| REQUIRED ACTION |
For this item, repeat the material exactly while omitting its pictures.

| SUPPLIED DATA |
-*-*-

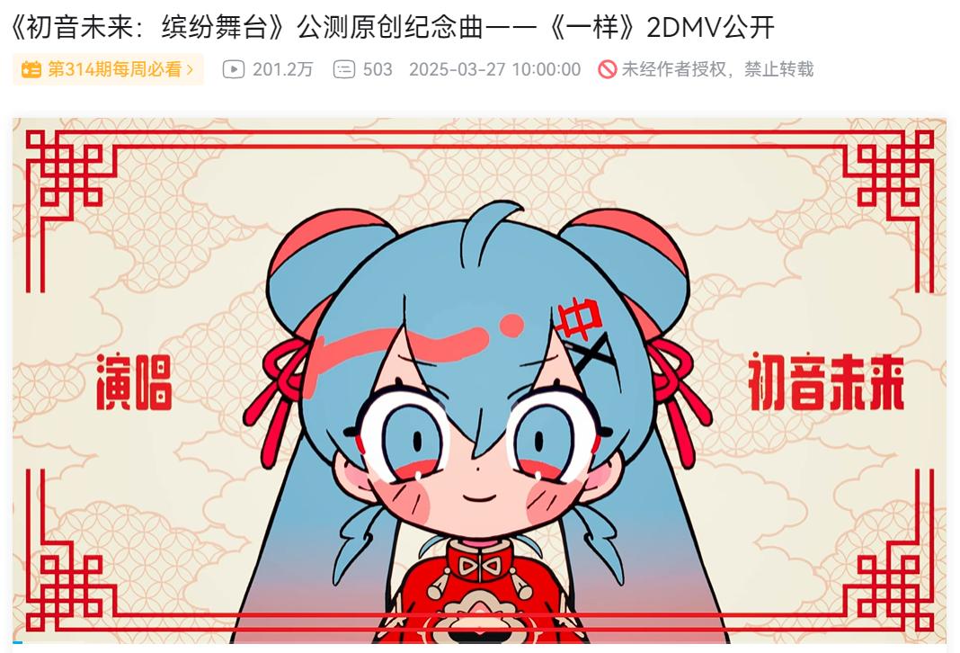 但是在上线之前,运营团队还邀请了mikitoPitoPito,让《初音未来:多彩舞台》第一次测试的消息在观众中充分传播。、Mes等Vocaloid圈的知名P主(创作者)为《初音未来:五彩缤纷的舞台》设计了第一首原创纪念曲《一样》。发布不到一周,哔哩哔哩音乐MV的播放量就超过了200万,一度位居全站热榜前11。
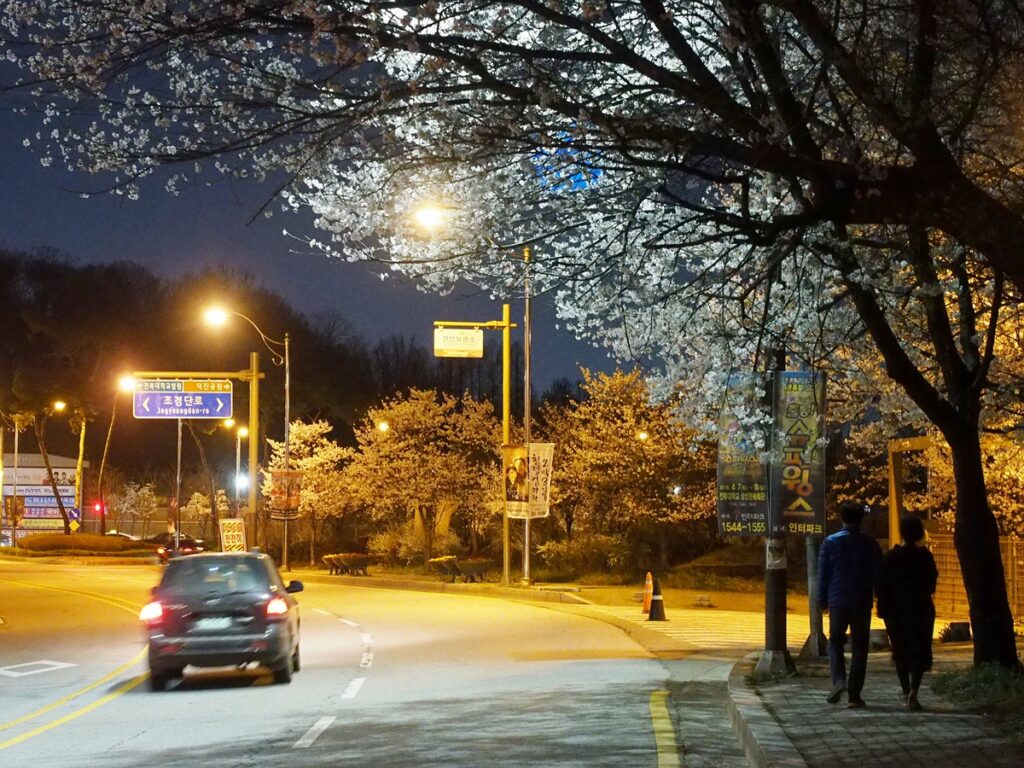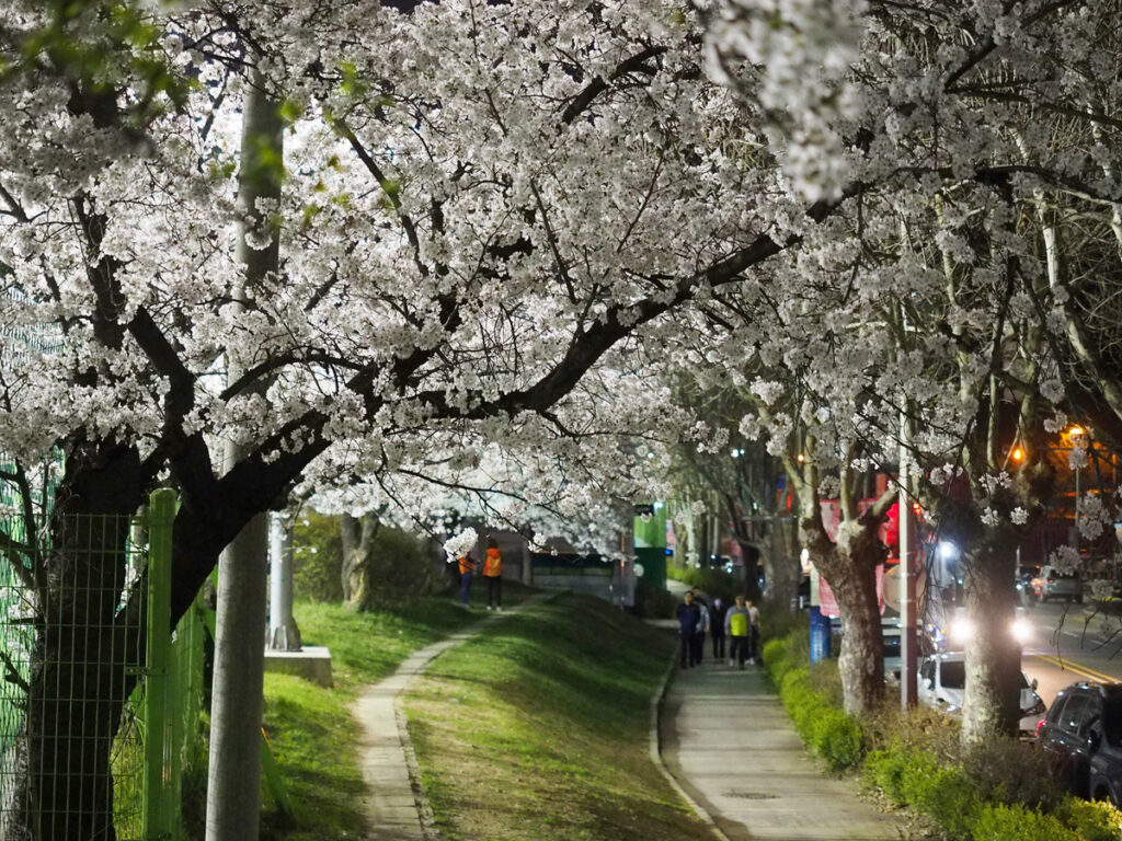 저녁에 퇴근해서는 소리전당 앞 벚꽃길로 갔다. 밤에 보는 벚꽃은 물론 아름답다. 전에는 전주의 대표적인 벚꽃 명소인 전주동물원이 야간개장을 하고 막 그랬었는데 올해는 소식이 없다. 동물들도 쉬어야 하니까.
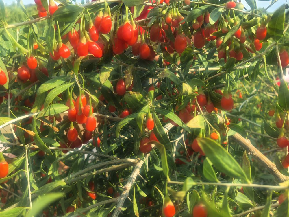 当地企业的锁鲜加工车就停在枸杞田边,刚从枝头采摘的枸杞大果直接进入车中进行锁鲜,避免了传统烘干加工方式所造成的口感和营养损失,24小时后就可直送成都等地的订单商户,个大饱满的枸杞口感鲜甜,可以当作水果直接入口。
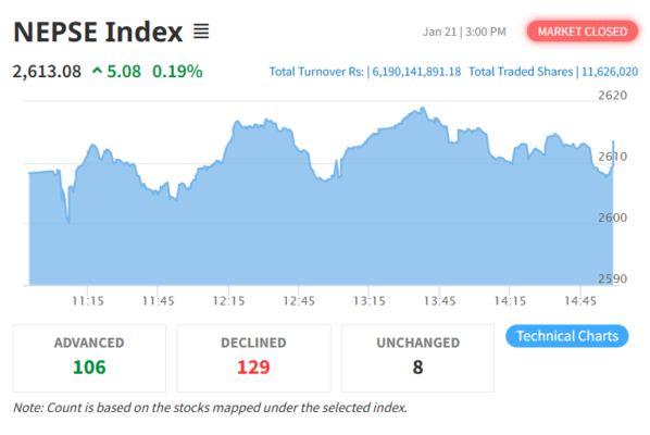 नेप्सेमा सामान्य अंकको गिरावट, कारोबार भने बढ्यो
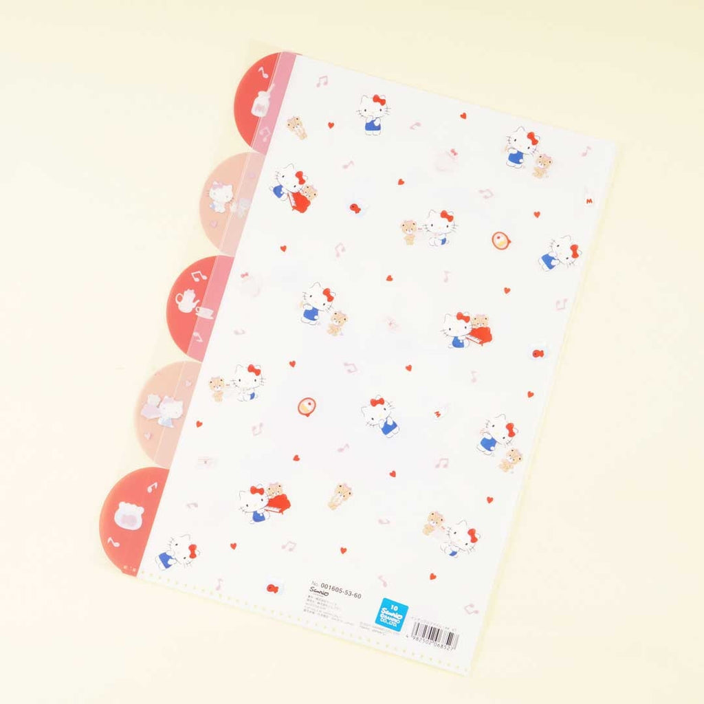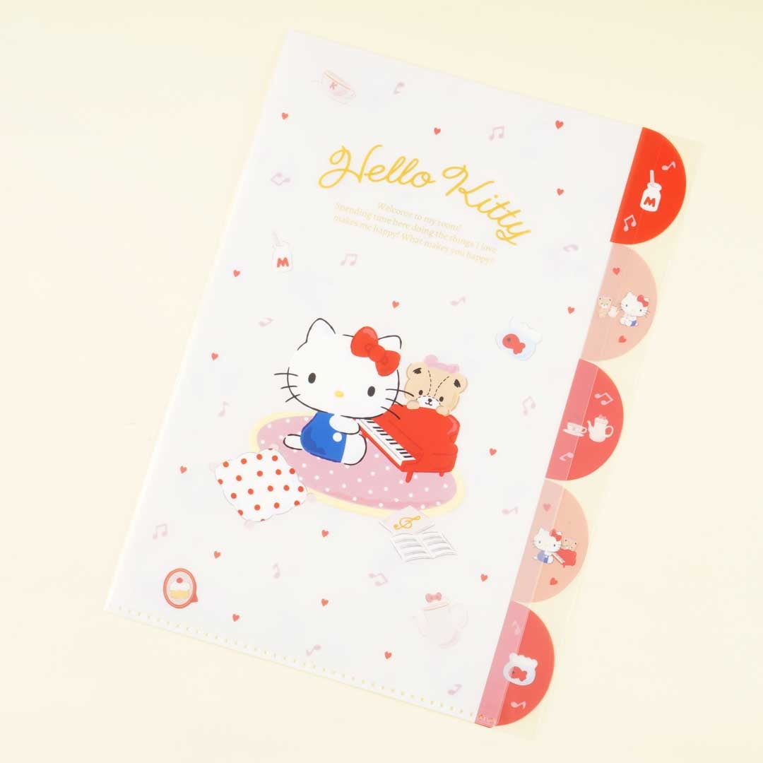 Organize your valuable documents inside this kawaii index folder with five slots and matching right-side curved tabs! Its cover features illustrations of Hello Kitty playing songs on a red grand piano! This A4-sized file folder is made of semi-transparent plastic.
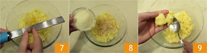 aromatisez avec de la muscade râpée 7 et assaisonnez avec le fromage râpé 8, mélangez avec une cuillère pour amalgamer les ingrédients jusqu'à obtenir une pâte douce et sèche. Avec l'aide d'une cuillère, prenez une portion de pâte d'environ 35 g 9 et formez les croquettes en leur donnant une forme cylindrique.

-*-*-

| EXERCISE SOLUTION |
 但是在上线之前,运营团队还邀请了mikitoPitoPito,让《初音未来:多彩舞台》第一次测试的消息在观众中充分传播。、Mes等Vocaloid圈的知名P主(创作者)为《初音未来:五彩缤纷的舞台》设计了第一首原创纪念曲《一样》。发布不到一周,哔哩哔哩音乐MV的播放量就超过了200万,一度位居全站热榜前11。
 저녁에 퇴근해서는 소리전당 앞 벚꽃길로 갔다. 밤에 보는 벚꽃은 물론 아름답다. 전에는 전주의 대표적인 벚꽃 명소인 전주동물원이 야간개장을 하고 막 그랬었는데 올해는 소식이 없다. 동물들도 쉬어야 하니까.
 当地企业的锁鲜加工车就停在枸杞田边,刚从枝头采摘的枸杞大果直接进入车中进行锁鲜,避免了传统烘干加工方式所造成的口感和营养损失,24小时后就可直送成都等地的订单商户,个大饱满的枸杞口感鲜甜,可以当作水果直接入口。
 नेप्सेमा सामान्य अंकको गिरावट, कारोबार भने बढ्यो
 Organize your valuable documents inside this kawaii index folder with five slots and matching right-side curved tabs! Its cover features illustrations of Hello Kitty playing songs on a red grand piano! This A4-sized file folder is made of semi-transparent plastic.
 aromatisez avec de la muscade râpée 7 et assaisonnez avec le fromage râpé 8, mélangez avec une cuillère pour amalgamer les ingrédients jusqu'à obtenir une pâte douce et sèche. Avec l'aide d'une cuillère, prenez une portion de pâte d'environ 35 g 9 et formez les croquettes en leur donnant une forme cylindrique.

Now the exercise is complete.